1.1. Outline of Japanese Electroacoustic Music Since 1990
In the 1990s, with the pervasion of personal computers on the creative music scene, composers started to seek their own way of sound computing and an original performance style. Kazuo Uehara (上 原和夫 1949–), who has continued to create electroacoustic music from the 1970s (ex. Buchla, ATARI) to today, said in an interview that the importance of Pierre Schaeffer in the 1990s had drastically changed the methods and aesthetics of music.1
If particular events can symbolize the whole atmosphere of the period, we can pick three important international events in Japan in the 1990s: ICMC1993, which was held at Waseda University in Tokyo, was certainly the first big international event for the Society of Japanese electroacoustic music; the Boulez Festival in Japan in 1995, in which Répons and Dialogue de l’ombre double were performed; and the festival of the 50th anniversary of musique concrète in Kobe in 1998, in which the Acousmonium diffusion system and the Groupe de Recherches Musicales (GRM) Tools plugins were presented. During these events, Japanese society had the opportunity for fruitful communication with foreign composers of digital music. Afterwards, the Japanese composers of electroacoustic music proceeded to the next active step of creation and international communication.
Regarding the activities of Japanese composers, ELEM ’912 and Tokyo Contemporary Music Festival Dengaku—Computer Music Today and in the Future (電楽)3 were emblematic concerts which testified to the beginning of a new period. As for the educational scene, we should mention the installation of an Ircam Signal Processing Workstation (ISPW) on a NeXT computer at Kunitachi College of Music. Takayuki Rai (莱孝之 1954–) was the head of the Sonology Department at the Kunitachi College of Music and the first generation of his students included Shintaro Imai (今井慎太郎 1974–), Syu Matsuda (松田周 1974–), Daichi Ando (安藤大地 1978–), and Chikashi Miyama (美山千香士 1980–).
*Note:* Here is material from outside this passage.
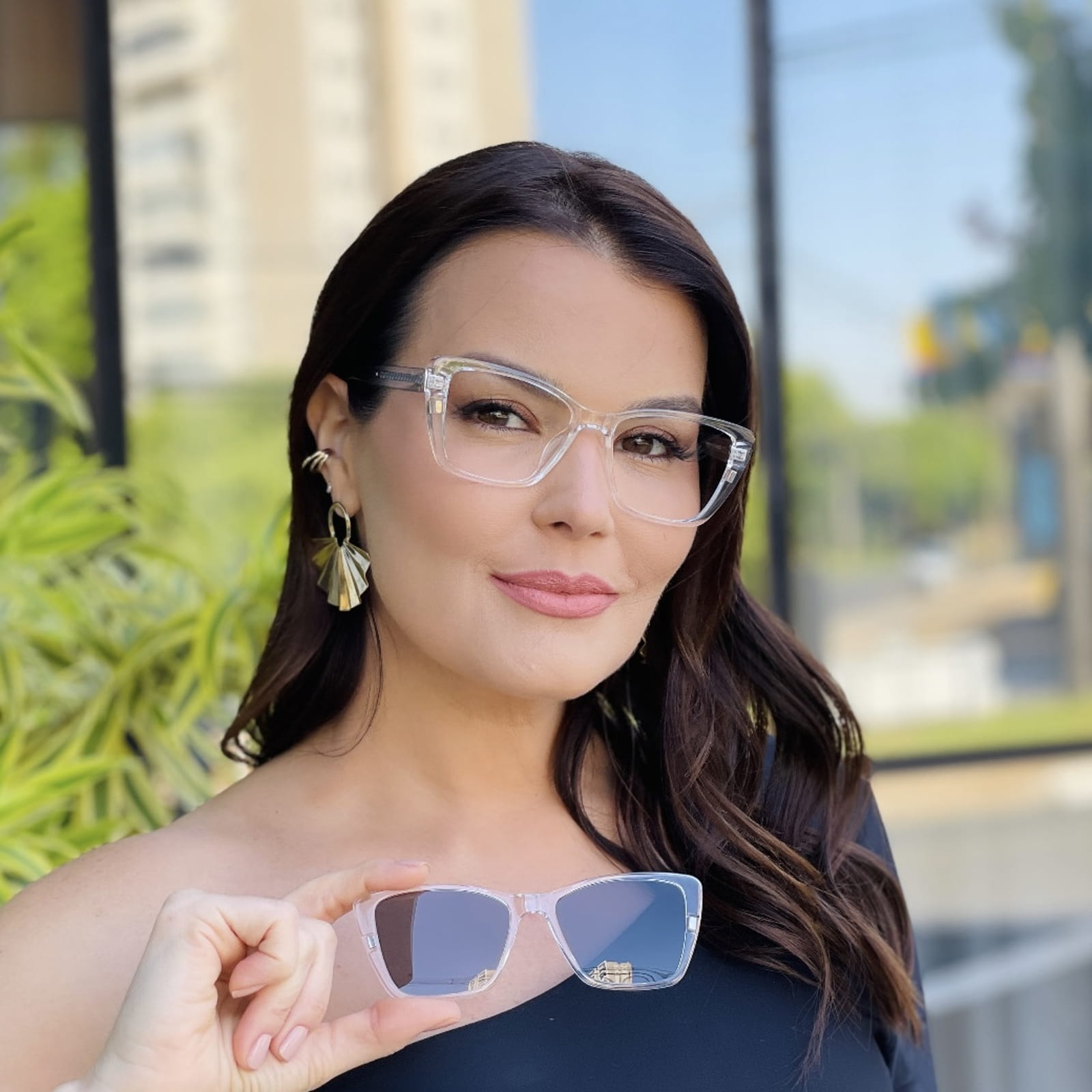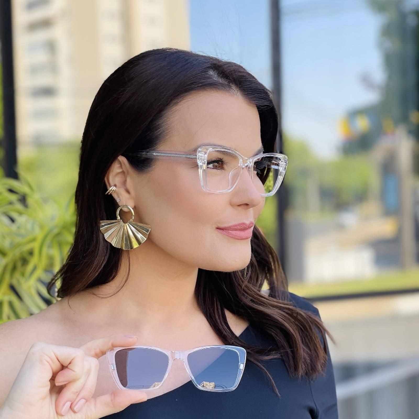 Óculos Feminino 2 em 1 Clip-On Gatinho Transparente Pamela

I dare to say that the next step of change in Japanese electroacoustic music was heralded by the publication of a book, Trans MAX express (2001), written by Neumanpiano, a pseudonym of the creators Masayuki Akamatsu (赤松正行 1960–) and Nobuyasu Sakonnda (佐近田展康 1960–). This reference book for Max4 programming was their second book. The publication signalled that music algorithms for digital signal processing (DSP) for sound can be personally obtained without any large-scale equipment like the ISPW, thanks to the high speed of personal computer processing. The publication also indicated a shift of aesthetic value in contemporary music; from music as a sounding art, with or without performance, to music as algorithmic thinking through sound. We should recall Ordering pizza or Reverse-simulation music by the Formant Brothers (the pseudonym of Nobuyasu Sakonnda and Masahiro Miwa (三輪真宏 1958–), who had a strong effect on today’s Japanese algorithmic music.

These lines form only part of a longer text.